Un couple de pauvres s’abrite dans une maison qu’il pense vide. Un orage pousse un couple fortuné à les y rejoindre. Les pauvres jouent les riches et se font passer pour les propriétaires de la maison. Ils mangent du caviar avec les doigts, boivent du champagne goulûment et inventent des dromadaires plats qui crient sous la pluie.

Le naturel et la vivacité d’Olivia Seigne dans le rôle de la femme de ménage sans papiers font merveille. Thierry Romanens, cordonnier, lui donne la réplique en kilt. Les situations imaginées par l’écrivain Yves Robert sont cocasses, piquantes, souvent cyniques. Le jeu des comédiens, subtilement dirigé par Julien Barroche, souligne des observations assez fines des contradictions humaines. « Pauvres riches » balance de quiproquos en jeux de mots, d’allusions à l’actualité en inventions délirantes.

Rythme soutenu, enthousiasme et véritable bonheur sont au rendez-vous jusqu’à… La chute.
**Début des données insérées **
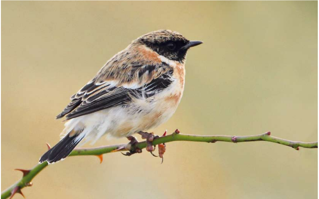
527 Kaspische Roodborsttapuit / Caspian Stonechat Saxicola maurus variegatus , adult mannetje, Vlieland, Friesland, 8 oktober 2012 (Eric Menkveld)

Europa is variegatus 11 keer vastgesteld, met negen gevallen op Cyprus, één geval in Griekenland en één in Italië, alle in december-april (Slack 2009). Opvallend is dat van de negen gevallen in Noordwest-Europa er zes in het voorjaar waren, terwijl nominaat maurus juist veel vaker in het najaar wordt waargenomen. Ter illustratie: van de 38 als maurus aanvaarde gevallen van Aziatische Roodborsttapuit in Nederland zijn er slechts twee in het voorjaar, een beeld dat overeenkomt met de ons omringende landen (Slack 2009; www.dutchavifauna.nl). Mogelijk is dit een vertekend beeld omdat maurus in het voorjaar vaak lastiger te onderscheiden is van Roodborsttapuit terwijl door het afwijkende staartpatroon variegatus het hele jaar goed is te onderscheiden van Roodborsttapuit.
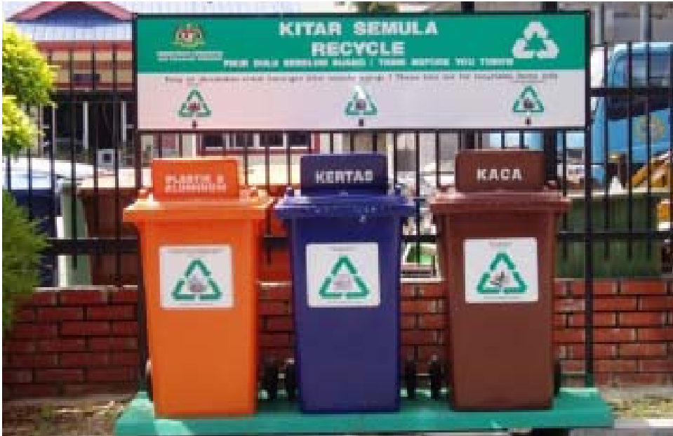
Gambar 4: Antara kemudahan kitar semula yang disediakan oleh PPSPPA di seluruh negara Perlis.

Pelbagai inisiatif boleh diambil oleh sekolah-sekolah, institusi pengajian tinggi dan setiap keluarga dengan aktiviti penghasilan baja 'kompos' di belakang rumah, mengambil makanan pada kadar yang diperlukan sahaja, perbanyakkan penghasilan sumber makanan organik, bidang hiliran yang menyokong aktiviti kitar semula, stesyen kitar semula, pengurusan sisa pepejal, mengurangkan majlis-majlis makan dan pelbagai inisiatif lain boleh dirangka.
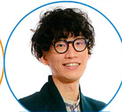
もりやすパンパンピカロ
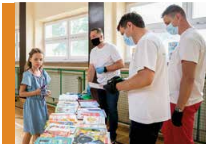
Po wakacjach planujemy zorganizować spotkania czytelnicze

Podczas tegorocznego zakończenia roku szkolnego uczniowie klasy drugiej otrzymali upominki oraz książki ufundowane przez Fundację Dobra Sieć . Wolontariusze HOPE wręczyli dzieciom zestawy higieniczne (żele antybakteryjne i maseczki) oraz na czas wakacji książki, które są ciekawą i zdrową alternatywą spędzania wolnego czasu. Finalnie ponad 50 pozycji książkowych ma trafić do klasowej biblioteki.
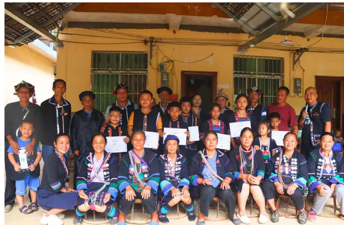
巩丙新村组织孩子们系统学习阿卡传统文化，学习结束后颁发证书

除了同族的认同，项目团队也希望借助阿卡文化以外的视角，协助村民看到自身文化的价值。2023 年，巩丙新村五位村民受邀参加昆明植物所举办的“山地未来”国际会议，并分享巩丙以文
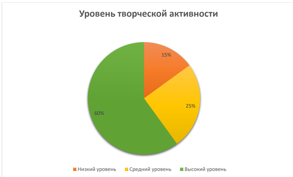
Рис. 2. Результат вторичной диагностики уровня творческой активности обучающихся

После реализации комплекса мероприятий по развитию творческой активности обучающихся была проведена повторная диагностика по методике М.И. Рожкова, Ю.С. Тюнникова, Б.С. Алишева, Л.А. Воловича. По результатам вторичной диагностики выяснилось, что низкий уровень творческой активности обучающихся снизился до 15% (3 человек), средний уровень – 25% (5 человек), высокого уровня творческой активности достигли 12 человек, что составляет 60% от общего числа группы (рисунок 2).
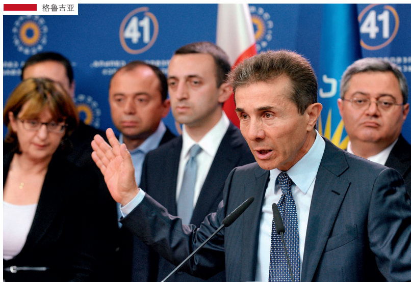
10月8日，伊万尼什维利在格鲁吉亚首都第比利斯正式公布了新一届内阁候选人名单

伊万尼什维利是在俄罗斯发家致富的。选举后，萨卡什维利警告说“格鲁吉亚梦想”会使国家与西方世界疏远并回到俄罗斯的影响之下，可伊万尼什维利承诺要加快格鲁吉亚民主化制度发展以融入北约，并称将在美国大选结束后立即访美。丹尼斯·邓恩说：“他会延续萨卡什维利与西方的紧密联系，但不同的是，新政权会以更平衡的方式对待俄罗斯，将其放入提高国民生活水平、巩固主权与国土安全的考量中。”丛鹏指出：“伊万尼什维利认为前政权在外交方面是失败的，他能认识到俄罗斯的重要性，所以更加面面俱到。格鲁吉亚的地理位置虽然关键，但从2008年俄格冲突的经验看，美国和北约在关键时刻并不会直接采取强硬干预。我想伊万尼什维利若在明年当选总统，他很可能采取亚美尼亚和阿塞拜疆的做法，推行多元化的平衡外交，与西方和俄罗斯同时发展关系。”
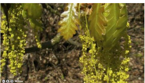
Fleurs de chêne
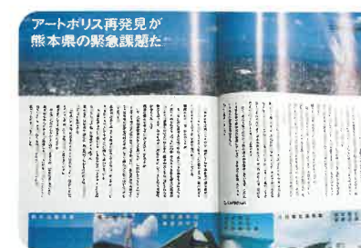
地元経済誌「くまもと経済別冊 ESPRESSO[エスプレッソ] 創刊号」での紹介

Moralisatrice, « l’argent ne fait pas le bonheur », kitsch, « ils vécurent heureux et eurent beaucoup d’enfants » et sans surprise, elle glace subitement un spectateur qui se délectait de la pertinence et de l’humour du propos. Fallait-il y chercher un double sens ? Ou avons-nous perdu l’habitude des conclusions hollywoodiennes faciles ? Malheureusement, en tombant de haut, on oublie un peu vite le plaisir passé.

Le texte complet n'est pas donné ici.